Choose the correct answer from the options given below:

A > C > D > B

The correct answer is option 3. A > C > D > B.

The standard reduction electrode potential (E°) of a metal is a measure of its tendency to gain electrons and be reduced. The more positive the E° value, the greater the tendency of the metal ion to gain electrons and undergo reduction. Conversely, the more negative the E° value, the lesser the tendency of the metal ion to be reduced, and instead, the metal tends to lose electrons and act as a reducing agent.

A reducing agent is a substance that donates electrons to another species and is itself oxidized in the process. The strength of a reducing agent is directly related to its ability to lose electrons. Therefore:

A metal with a more negative E° is a stronger reducing agent because it has a greater tendency to lose electrons (be oxidized).

A metal with a more positive E° is a weaker reducing agent because it has a greater tendency to gain electrons (be reduced).

The reduction potentials of the metals provided are:

Metal A: \( +0.5 \, \text{V} \)

Metal B: \( -3.0 \, \text{V} \)

Metal C: \( -1.2 \, \text{V} \)

Metal D: \( -2.3 \, \text{V} \)

Interpreting Each Metal's Reducing Power

Metal A \( (+0.5 \, \text{V}) \):

This is the most positive E° value among the metals listed. A positive E° value means Metal A has a strong tendency to gain electrons (be reduced) and a very weak tendency to lose electrons (be oxidized). Therefore, Metal A is the weakest reducing agent.

Metal C \( (-1.2 \, \text{V}) \):

This E° value is negative, indicating that Metal C has a lesser tendency to gain electrons and a greater tendency to lose electrons compared to Metal A. Metal C is a stronger reducing agent than Metal A, but weaker than metals with more negative E° values.

Metal D \( (-2.3 \, \text{V}) \):

With a more negative E° than Metal C, Metal D has an even stronger tendency to lose electrons and be oxidized. Metal D is a stronger reducing agent than both Metal A and Metal C.

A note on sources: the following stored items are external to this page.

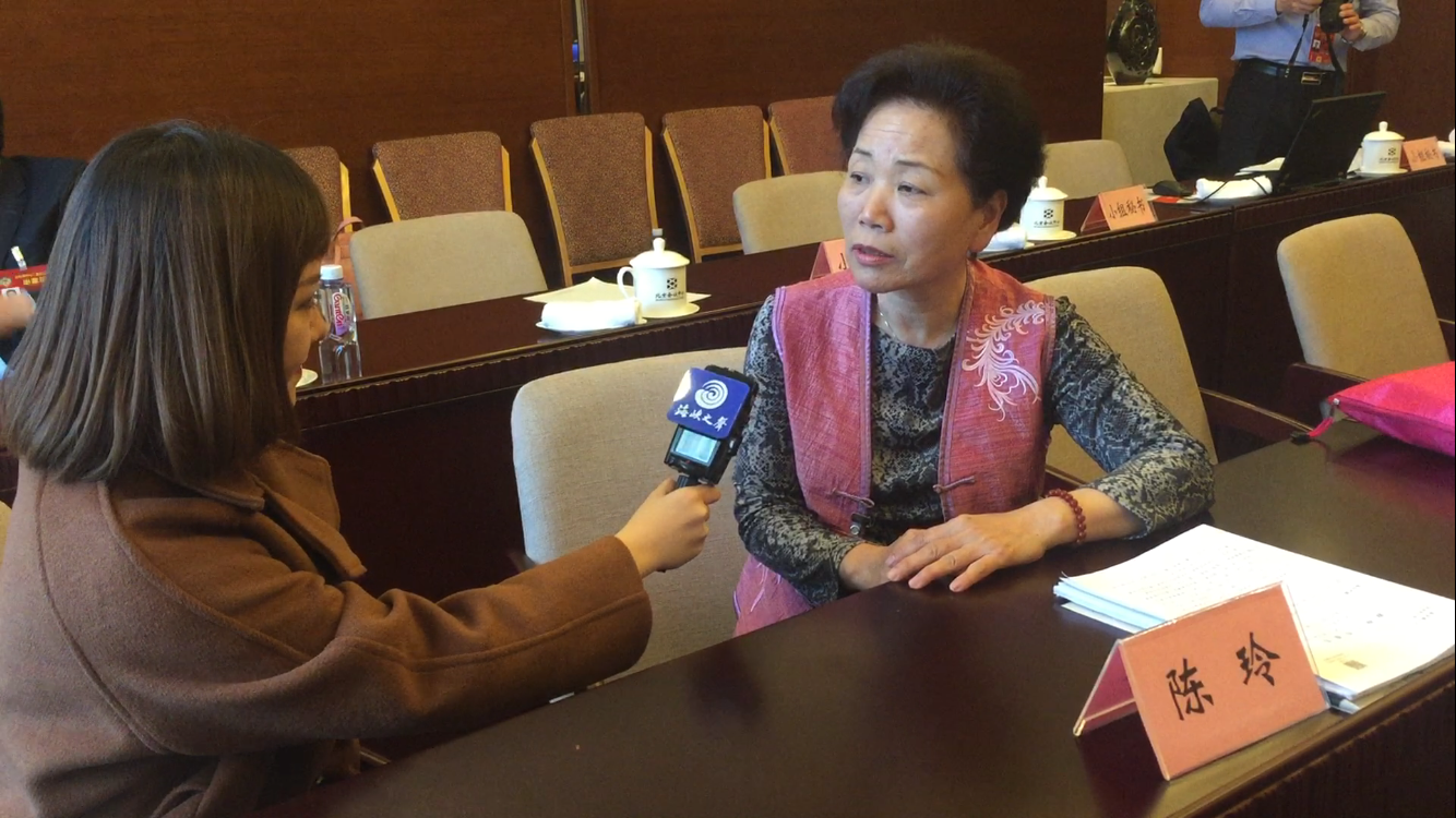 政协台联界别小组讨论会间歇,台籍委员陈玲接受本台记者冉思清采访
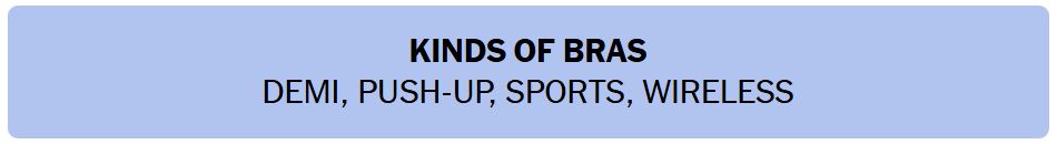 • KINDS OF BRAS – DEMI, PUSH-UP, SPORTS, WIRELESS
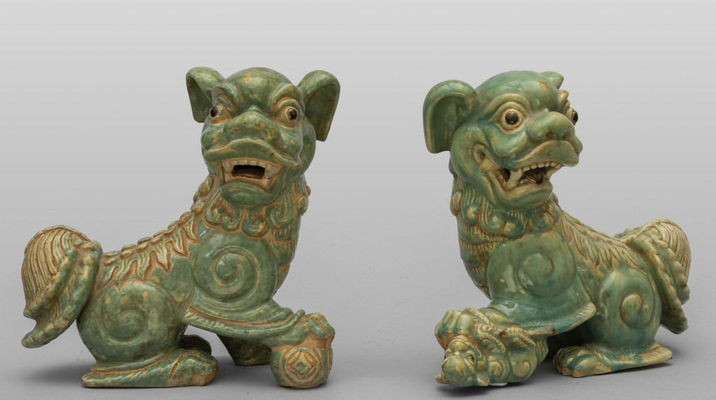 Lotto 0529 | Coppia di cani di Pho in gres smaltato, Cina
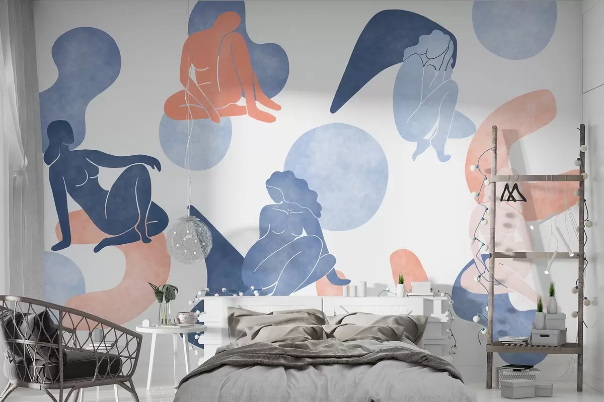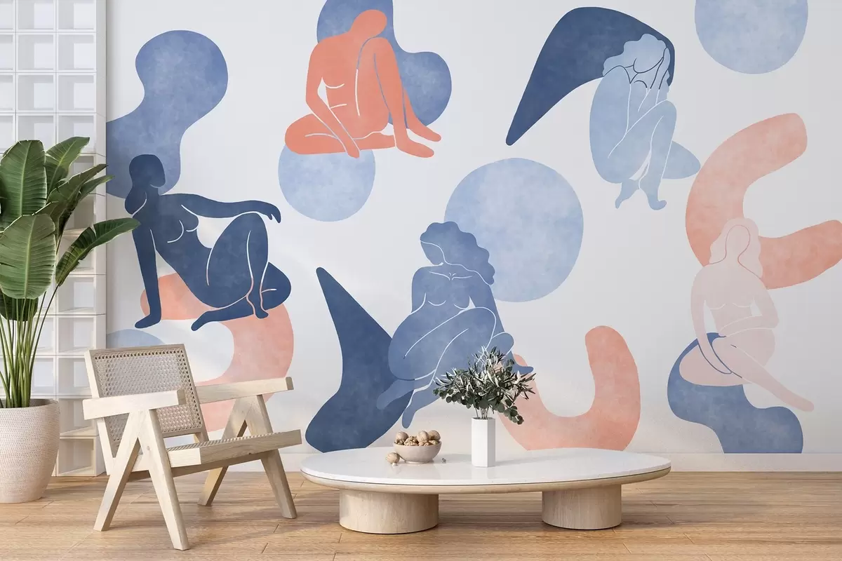 Fototapeter Geometriske abstraksjoner med kvinnesilhuetter, boho-stil, blå, beige, rosa Nr. w03753v1
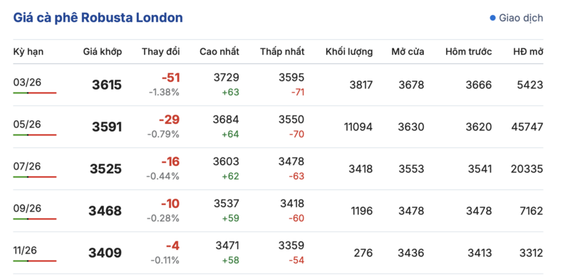 Kết thúc phiên giao dịch gần nhất, giá cà phê Robusta tại London ghi nhận giảm nhẹ đồng loạt trong các kỳ giao hàng. Cụ thể, kỳ giao tháng 1/2026 giảm nhẹ 51 USD/tấn, đạt mức 3615 USD/tấn. Trong khi đó, hợp đồng giao kỳ hạn tháng 11/2026 cũng giảm 4,0 USD/tấn, xuống mức 3409 USD/tấn.
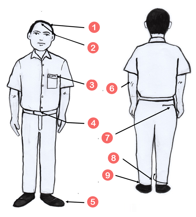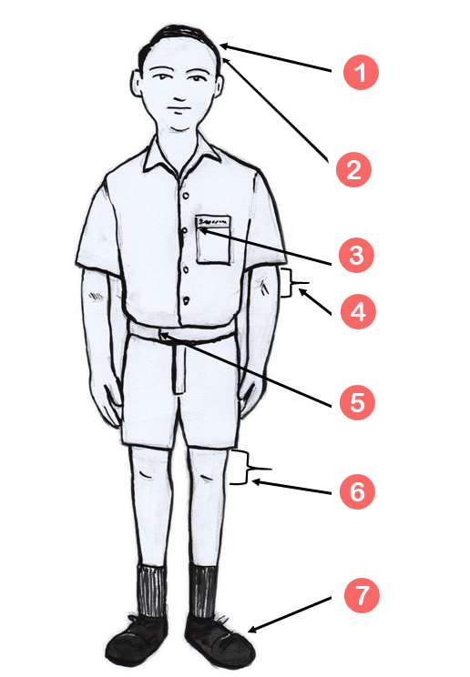 - Hair should be cut short and combed to the side. (Side part hair length 1/2 inch)
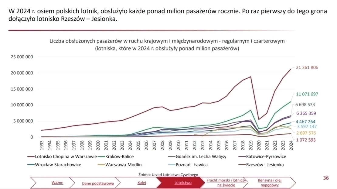 - na poprawę atrakcyjności kolej jako środka transportu wpływa m.in. wzrost długość linii kolejowych (w 2024 r. 19 663 km, najwięcej od 2014); wyższa dopuszczalna prędkość przejazdów (udziału torów kolejowych z dopuszczalną prędkością powyżej 120 km/h wzrósł do 21,6% w 2024 z 11,8% w 2014 r, modernizacja taboru oraz dworców kolejowych.

Metal B \( (-3.0 \, \text{V}) \):

This is the most negative E° value, indicating that Metal B has the highest tendency to lose electrons (be oxidized). Metal B is the strongest reducing agent among the four metals.

To arrange the metals in order of increasing reducing power, we list them from the weakest reducing agent (the most positive E°) to the strongest reducing agent (the most negative E°):

Metal A \( (+0.5 \, \text{V}) \) is the weakest reducing agent.

Metal C \( (-1.2 \, \text{V}) \) is stronger than Metal A.

Metal D \( (-2.3 \, \text{V}) \) is stronger than Metal C.

Metal B \( (-3.0 \, \text{V}) \) is the strongest reducing agent.

Thus, the order of increasing reducing power is: \(\text{A > C > D > B} \)

Conclusion

The correct answer is option 3: A > C > D > B. This sequence represents the correct order of increasing strength of reducing power, from the weakest (A) to the strongest (B).